Mothers of Invention

“Necessity is the mother of invention,” goes the proverb.  A gender neutral variant occurs in Plato’s Republic.  By the Sixteenth Century though, the proverb was established in both English and Latin with Necessity having a female persona.

               Sixty years ago, the post office of my Ohio childhood installed a curbside mail box with a chute.  My mother observed that although the drop box was an improvement, it required a 5’ 4” woman like her to put the car in “Park,” slide across the bench seat, over the transmission hump and reach an uncomfortable distance to deposit mail. So she wrote a letter to the local newspaper saying that.  The postmaster thereupon reconfigured his parking lot to place the drop box on the driver’s side of a newly created drop-off lane. 

                Another of my mother’s wished-for improvements was a kitchen shower stall.  She said a mother with small children should be able to finish dinner, step into the stall with her child(ren), draw a circular curtain hung from an overhead track, disrobe, pull the chain connected to an overhead water tank, and wash off food that found its way onto clothes or body parts other than kids’ mouths, with a drain in the center of the floor to catch the runoff. 

                The point of the examples is that useful devices women might create are off the radar of businessmen who lead new product initiatives and experience the world differently.  Stated simply, women remain underrepresented in the innovation economy and our world is poorer for it.

                This truth came to mind as I read a white paper, “Manufacturing a High-Wage Ohio,” published by The Century Foundation.  The paper’s author, Michael Shields, identifies troubling trends:

  •        “Despite dramatic job losses, Ohio grew its share of the nation’s manufacturing workforce over the past quarter-century, as manufacturing jobs became more concentrated in the [Midwest] region.”

  •        “Ohio was once among the nation’s wealthiest states . . . .  Yet, Ohio is no longer a destination [for people or companies]—the state’s growth rate has lagged the nation’s by three quarters since the Great Recession.  Ohio’s cities are actually shrinking.”

  •         “Wage growth in Ohio has been nearly flat for nearly four decades.  Since 1979, the bottom 60 percent of workers has lost ground compared to their counterparts a generation ago.”

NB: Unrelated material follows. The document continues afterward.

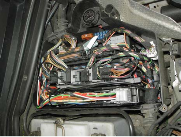
Bild 3: Platz ist in der kleinsten Hütte ;- ) hier muss es also hinein

  •        “While manufacturing remains a better paying sector, factory wages have not kept pace with economic growth, and the manufacturing premium—the wage bump that manufacturing workers receive above other wage-earners—has shrunken.”

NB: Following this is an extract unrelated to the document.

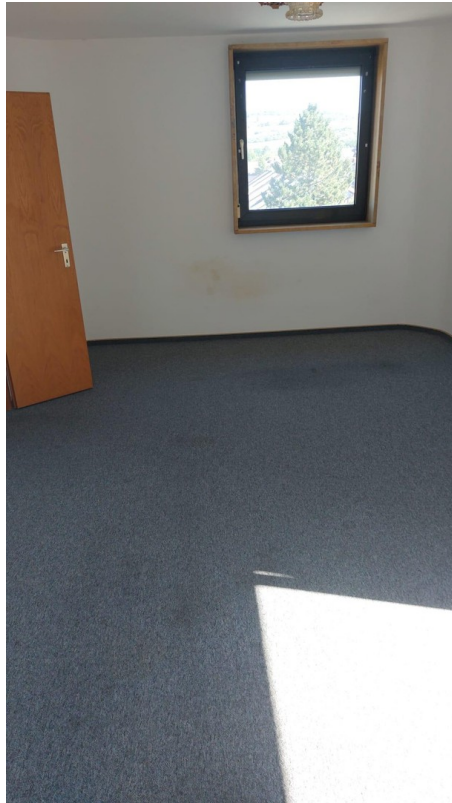
Wohnzimmer Bild 3

  •        “Advanced manufacturing industries hold enhanced potential to create good jobs . . . .  Yet the trends in advanced manufacturing jobs spell trouble for Ohio [because the rate of loss of these jobs (43% since 1990) exceeds the rate of loss of other manufacturing jobs (30%)].  Policymakers should be deeply concerned with the long-term viability of manufacturing jobs in general, but especially of advanced manufacturing jobs.”

The causes of these trends are firmly established and durable.  They include automation, foreign competition, government currency manipulation and corporate capital allocation in favor of rapidly growing emerging markets.  For example, Midwest-stalwart Caterpillar, Inc., today has 76 manufacturing plants overseas compared to 62 plants in the U.S.  Since building its first plant in China in 1994, CAT now has 25 plants there.

Plato’s wisdom about necessity mothering invention should guide us.  Ohio remains a prolific center of innovation.  Residents of its principal cities and Pittsburgh created the fifth largest number of patents issued in the United States since 2000.  Only cities in California, Boston and New York City surpass the Ohio/Pittsburgh cohort. 

What if women had greater material incentives and technical support to invent new products?  What would they create that we men overlook? 

Ohio state government has an active economic development team, Jobs Ohio, funded by sales tax on liquor.  Of nine Jobs Ohio directors, one is a woman.  Of five regional staff team leaders, one is a woman.  Of the 11 industry teams, two (military and government, and healthcare) are led by women.

Asian and European business cultures prefer men over women to an even greater degree than American business culture.  So why not turn that to our advantage by incentivizing American women to create, patent and commercialize more products? 

Ohio participates in the Invention Convention, a nonprofit organization intended to nurture children’s interests in innovation. https://inventionconvention.org/ohio/about/invention-convention-worldwide.  Why not do more to encourage adult women to be innovators?

We cannot reclaim an economy in which hundreds of thousands of men and women earn top tier wages and salaries by operating tools and machines to mass produce goods. That era is over. Computer programmed machines, wherever located, are more efficient and require fewer operators. We can, however, harness the brain power of all our citizens to invent and patent-protect useful tools for living in our time. That is the necessity we face.